■ **What is being asked**: All of the data below should be printed again exactly, pictures excluded.

*** Opening of Input data ***

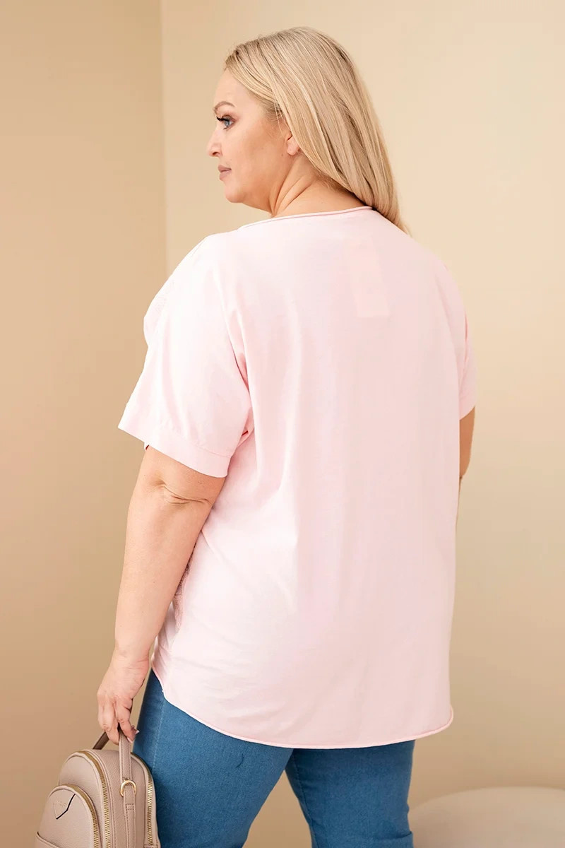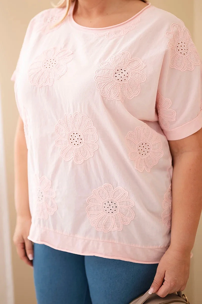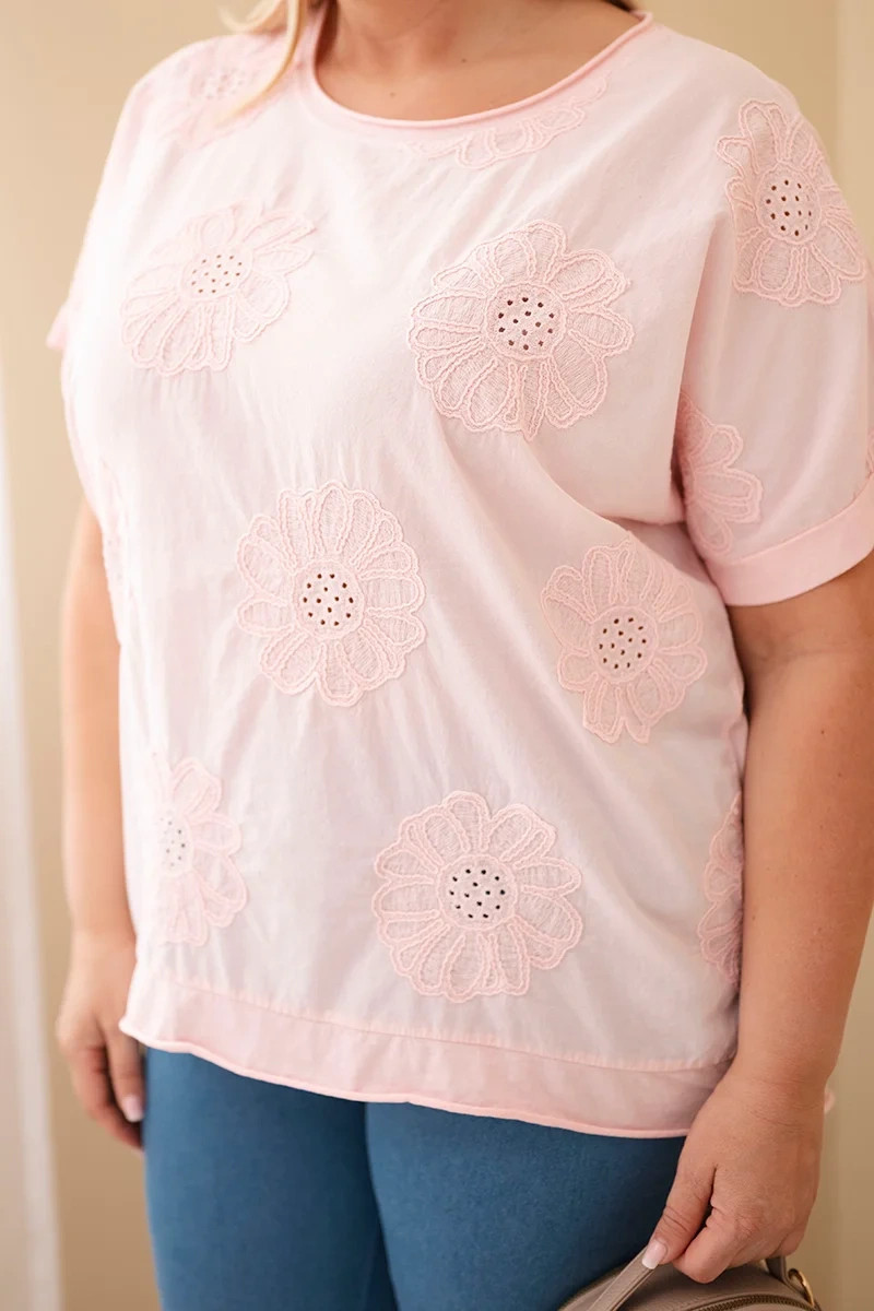 Dámská bavlněná halenka Plus Size s model 22092372 květinami cukrově růžová - K-Fashion
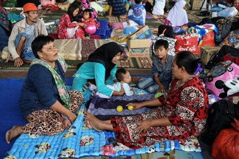 | Des réfugiés évacués de l'île de Sebesi sont regroupés dans un centre d'hébergement à Kalianda, le 27 décembre |
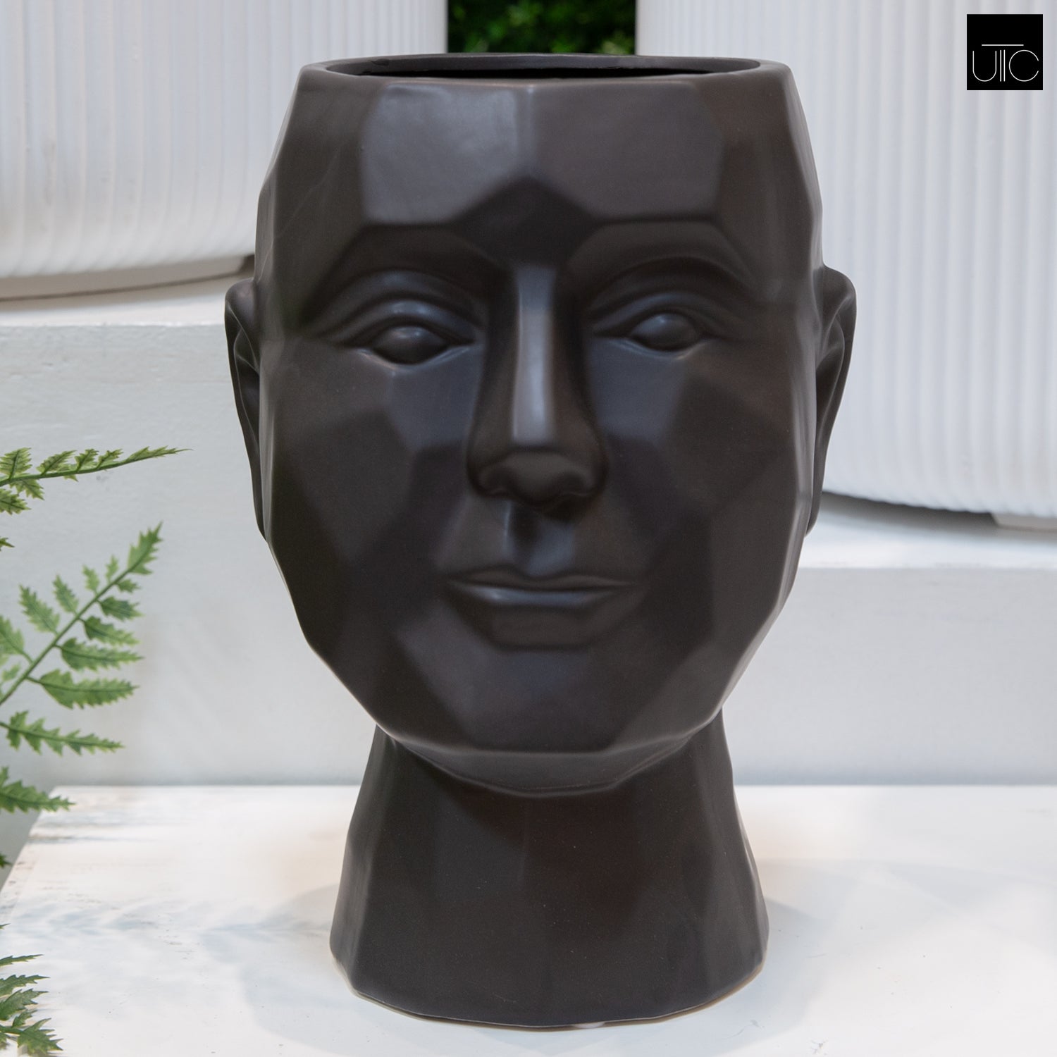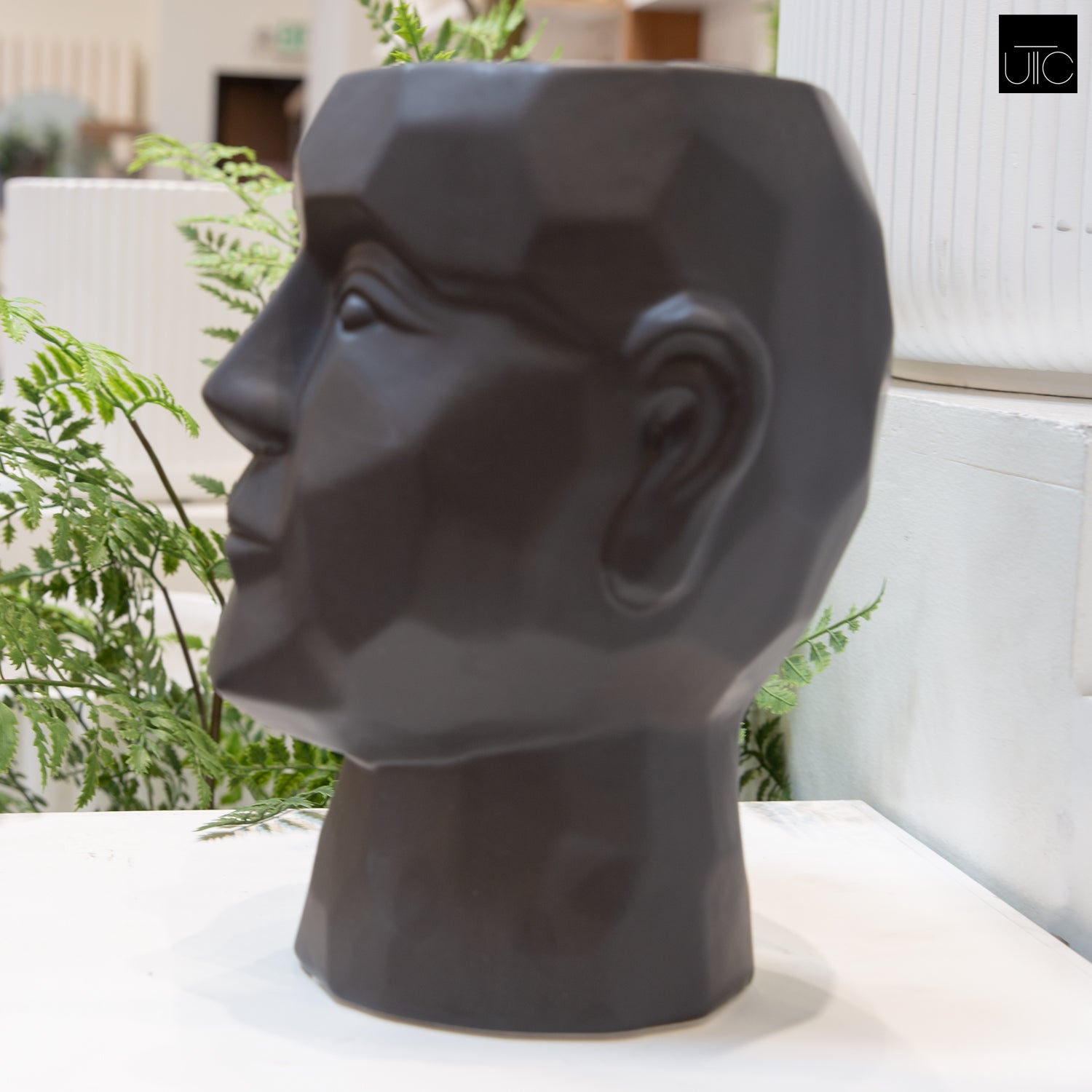 The Bailey Cubic Pattern Ceramic Head Pot offers a creative and modern twist on classic planter design. Sculpted into the shape of a man’s head with a bold cubic pattern body, this piece is both decorative and functional. Available in matte black or matte white, it makes a strong statement whether used as a planter or a standalone art piece.
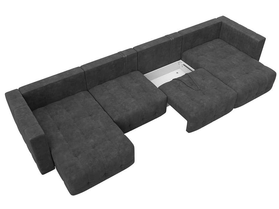 П-образный диван Лига-052 НПБ Лонг – современный диван с лаконичным дизайном и невероятной функциональностью. В считанные секунды, он трансформируется в широкую кровать. Изделие оснащено мягкими подлокотниками и съемными подушками, дополнено вместительными ящиками для белья. Комфортабельность отдыха гарантирована.

*** Close of Input data ***

■ **Answer to the exercise**:
 Dámská bavlněná halenka Plus Size s model 22092372 květinami cukrově růžová - K-Fashion
 | Des réfugiés évacués de l'île de Sebesi sont regroupés dans un centre d'hébergement à Kalianda, le 27 décembre |
 The Bailey Cubic Pattern Ceramic Head Pot offers a creative and modern twist on classic planter design. Sculpted into the shape of a man’s head with a bold cubic pattern body, this piece is both decorative and functional. Available in matte black or matte white, it makes a strong statement whether used as a planter or a standalone art piece.
 П-образный диван Лига-052 НПБ Лонг – современный диван с лаконичным дизайном и невероятной функциональностью. В считанные секунды, он трансформируется в широкую кровать. Изделие оснащено мягкими подлокотниками и съемными подушками, дополнено вместительными ящиками для белья. Комфортабельность отдыха гарантирована.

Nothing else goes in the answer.